The German economy

Press echo, The Economist, 14 Jul 2007, no 8537, p 81-82

A gloomster’s lament

THERE is something rather annoying about the German economy. It is the object of endless lectures about taxes and wages that are too high, welfare and pension benefits that are too generous, east German states that have become subsidy junkies and a labour market that is irredeemably sclerotic. Yet it always bounces back. Just now exports and profits are at record highs, unemployment is falling fast and annual GDP growth has picked up to almost 3%. It is, in short, a place that seems to work in practice but not in theory.

Liberals like Hans-Werner Sinn, who runs the CESifo institute at the University of Munich, are unconvinced. For two decades he has been one of the loudest voices preaching the urgency of structural reform (another is Horst Siebert at Kiel University, who argued a similar case two years ago in “The German Economy: Beyond the Social Market”, published by Princeton University Press). Mr Sinn's new work is a thoroughly updated English-language version of a German book that has gone through no fewer than 11 editions. Not for nothing is Angst a German word.

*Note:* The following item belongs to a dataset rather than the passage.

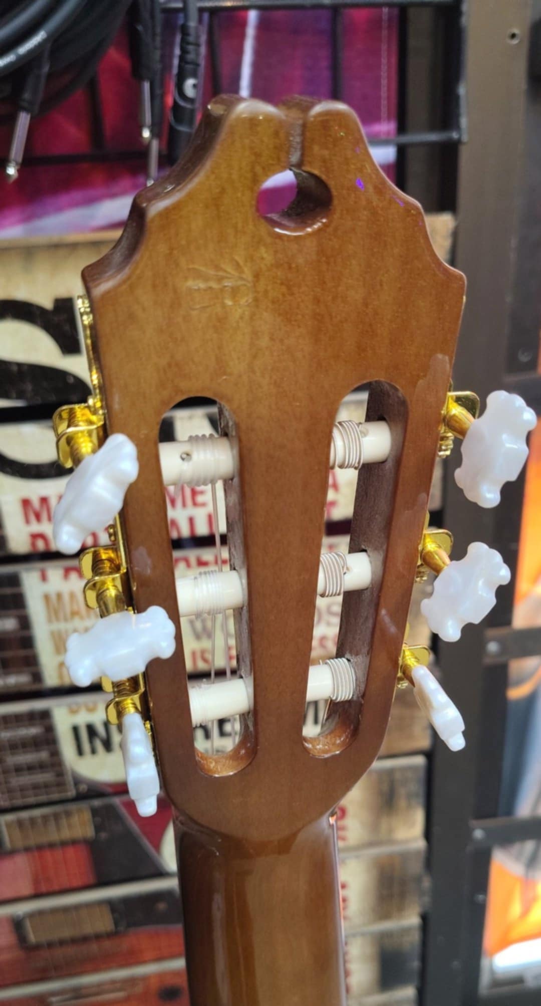 Looking for a classical guitar that hits the sweet spot between elegant tone and modern versatility? This Washburn C5CE Classical Acoustic-Electric is ready to be your new favorite instrument—without your wallet needing CPR. Technically it's "used," but you'd never know it by looking at it. The only giveaway? A small, polite “USED” stamp on the back of the headstock—like a gentle whisper saying, “I’ve been around... but I’m better for it.” No scratches, no dings, and no shady past—just smooth playability and rich, nylon-string tone.

It is hard to argue with most of the author's conclusions. Even with its present revival, German GDP growth remains low by historical standards. There is little chance of further supply-side reforms under Angela Merkel's consensus-driven grand coalition. The coddled, low-productivity east is an expensive drag on the innovative, high-productivity west. And much of the rise in profits and exports reflects a ferocious one-off squeeze on real wages that has allowed German companies to steal a march on less efficient competitors in France and Italy, but this is not a process that is indefinitely sustainable without far more liberalisation.

The case for more reform, especially to the labour market and welfare state, is unanswerable. But Mr Sinn is sometimes too gloomy about the country's prospects. Not only does he overlook some of the genuine structural changes made in the past few years; but he also largely dismisses the lessons from Scandinavian countries that have managed to combine high taxes and generous welfare with rapid growth and high employment.

The book also betrays another German obsession: with the health of manufacturing industry. In fact, the continuing high share of manufacturing in German GDP, long a source of competitive strength, might now be a weakness. The forces of globalisation are driving even high-end manufacturing to lower-cost competitors in eastern Europe, China and India. As Britain found in the 1980s, most efforts to keep manufacturing jobs fail.

What is striking about Germany to an outsider is not its dynamism, export prowess or even the famous Mittelstand of small and medium-sized enterprises, impressive as these are. It is the absence of well-developed service industries. Part of the wrenching change the country now needs is to switch from low value-added manufacturing towards higher value-added services. And that needs a cultural as much as an economic shift, away from a macho world view that looks down on serving people. The transition could be painful but it must come.